I have just taken a head into my hands and have been moved so deeply that my heart cannot grasp it…. I waited for him at the place of execution…. [H]e arrived like a meek lamb and when he saw me he began to smile. He asked me to make the sign of the cross over him…. I stretched out his neck and bent down to him, reminding him of the blood of the Lamb. His lips kept murmuring only “Jesus” and “Catherine,” and he was still murmuring when I received his head into my hands…. [M]y soul rested in peace and quiet, so aware of the fragrance of blood that I could not remove the blood which had splashed on to me.

The urging of our Lord to visit the sick is, at bottom, the insistence that we see the sick—including those suffering from the sickness called sin—as Catherine of Siena did.

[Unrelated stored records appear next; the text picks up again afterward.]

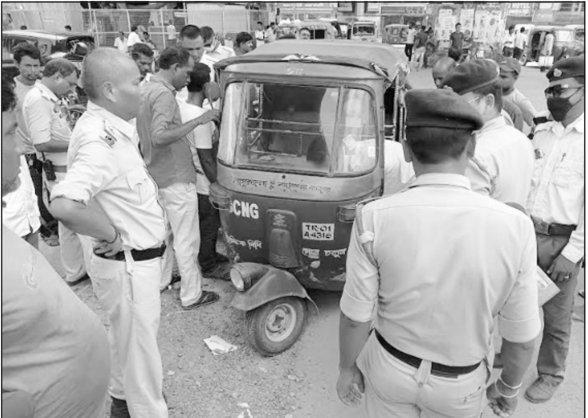
সোমবার আগরতলায় যত্রতত্র পার্কিং-র বিরুদ্ধে ট্রাফিক দফতরের অভিযান চলেছে।

মস্কো, ২৪ জুন (হি. স.): রাশিয়ার উত্তর ককেশাস অঞ্চলের দাগোস্তানের দুটি শহরে বন্দুকবাজদের হামলায় ৮ জন পুলিশ ও একজন ধর্মযাজক-সহ অন্তত ১৫ জন নিহত হয়েছেন। সেই সঙ্গে নিহত হয়েছেন ৬ জন সন্দেহভাজন বন্দুকবাজও। দাগোস্তানের গভর্নর সেগেই মেলিকভ এই তথ্য জানান। জানা গেছে, স্থানীয় সময় রবিবার সন্ধ্যায় দাগোস্তান অঞ্চলের দেববেস্ত ও মাখাচকাল শহরে ইফদিদের একটি উপাসনালয় (সিনাগগ), একটি অর্থোডক্স চার্চ ও পুলিশের একটি তদ্রাশিটোিকিতে হামলা চালায় বন্দুকবাজরা।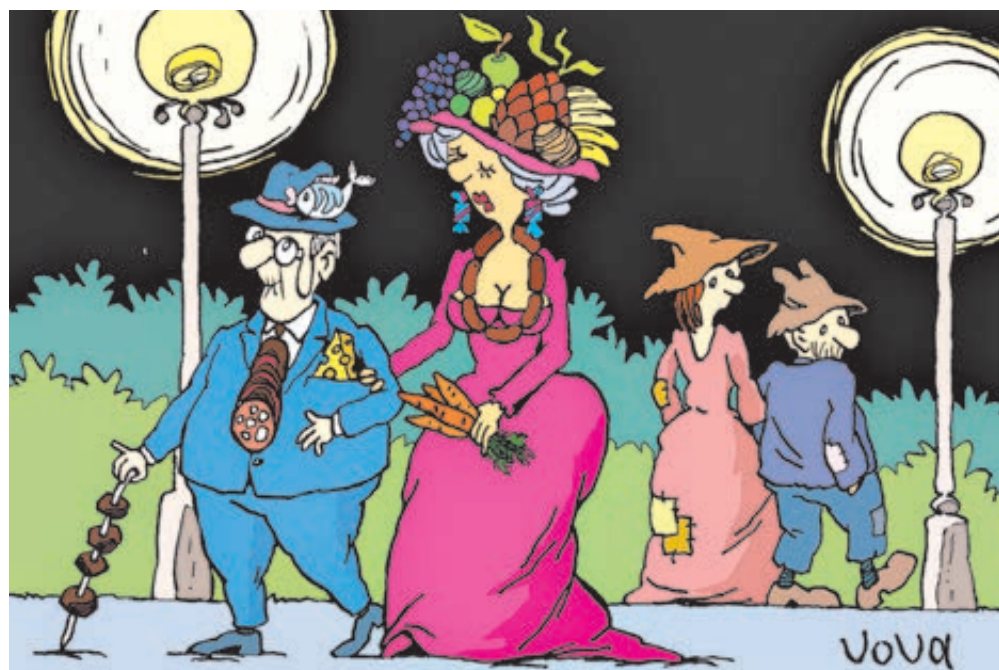
ИЛЛЮСТРАЦИЯ САРТОНОВ/ВИТАЛИЙ ГОЛОВАЧЕВ

Речь идет о средствах на банковских счетах, вложениях в ценные бумаги, наличных деньгах (стоимость основного жилья и предметов роскоши эксперты в расчет не принимали). Так вот, миллионеры, по данным компании, владеют в РФ 62% финансовых ресурсов, а миллиардеры – 26%. Зная капиталы наших предков из списка Forbes и ключевые цифры доклада, получим весьма яркую, многое объясняющую картину.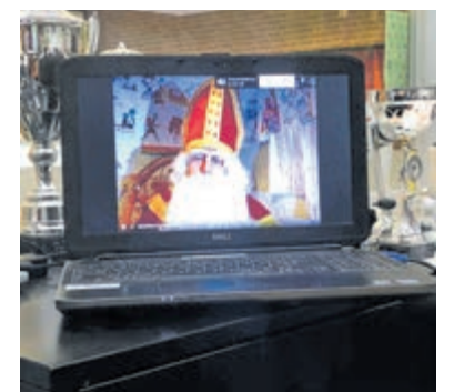
Internetbezoek Sinterklaas met leerlingen van KC De Ruimte.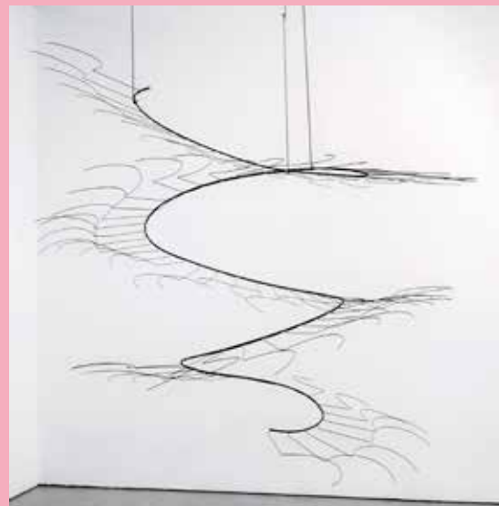
Vortex © Iza Tarasewicz

Given the speed of light in fiber it is possible to send an order from New York to Chicago and back in 12 milliseconds. It gives the occasion to be the first to exploit the discrepancies between prices in Chicago and prices in New York. A millisecond is a thousandth of a second A tenth of the time it takes you to blink your eyes, if you blink as fast as you can. [...]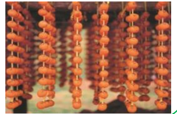
くめくしがき 久目串柿生産組合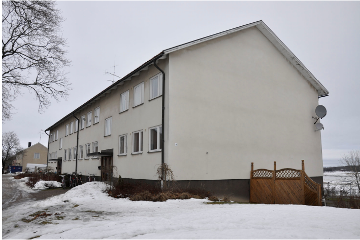
Bild 7. Aspården från sydväst. Bildnr Vlm_kmvMM-156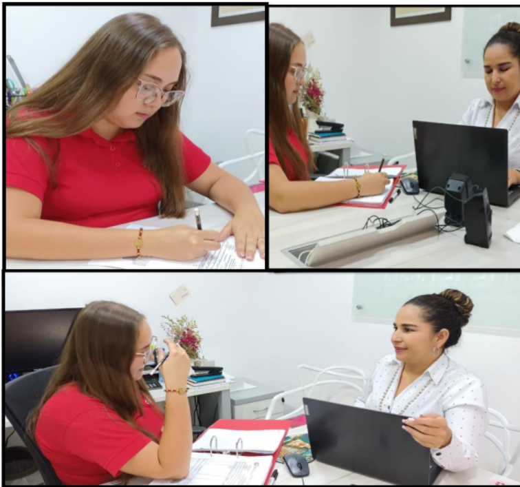
Figura 5. Evidencias de la entrevista

5.1.4. Se escuchó activamente las respuestas del entrevistado, se hicieron las preguntas específicas, se hicieron aclaraciones en ciertos puntos para facilitar la comprensión de la pregunta, se evitó cualquier tipo de distracción la entrevistada, lo que facilitó dar respuestas de manera adecuada.

It is the call to put faces to names, to honor their human dignity. Instead of calling them “the appendectomy in Room 8” or “that loser that everybody hates” or “that burden on society,” we are to call them by their proper names and look them in the eye. The statistical bent of our culture is against this. In our culture without mercy, much can be excused but nothing can be forgiven. So sinners are to be thrown away, not redeemed. As Malcolm Muggeridge observed, to say that God cares more for the one lost sheep than for the ninety and nine who are not lost is “an anti-statistical proposition.”

In a cash-strapped culture full of aging Baby Boomers who are only going to cost more as they age and sicken, this will soon be a subversive and anti-American remark. For as we deal with the morally sick mercilessly, so we shall soon deal with the physically sick and especially the aged. What else can we expect from a culture that kills a million and a half perfectly healthy babies every year for their sin of being inconvenient? The push, which is already well under way, is not to visit the sick but to hurry them on to the grave, lest they destroy what is left of our economy with their selfish desire to not be murdered by efficient cost-cutting bean counters. Christians who oppose this will soon find themselves the subject of intense legal pressure to play ball and kill off the expensive and used-up geezers, just as they already find themselves the subject of intense pressure to play ball and kill the unborn. When that day arrives, we may again find an appreciation for a Veronican spirituality that looks at the face of the sufferer instead of turning away and babbling happy talk about how he or she will be better off dead. Or we may cave to the culture. Our choice. But whatever we choose, we will still, sooner or later, face the verdict of the King who teaches (and warns) that whatever we do to the least of these, we do to him.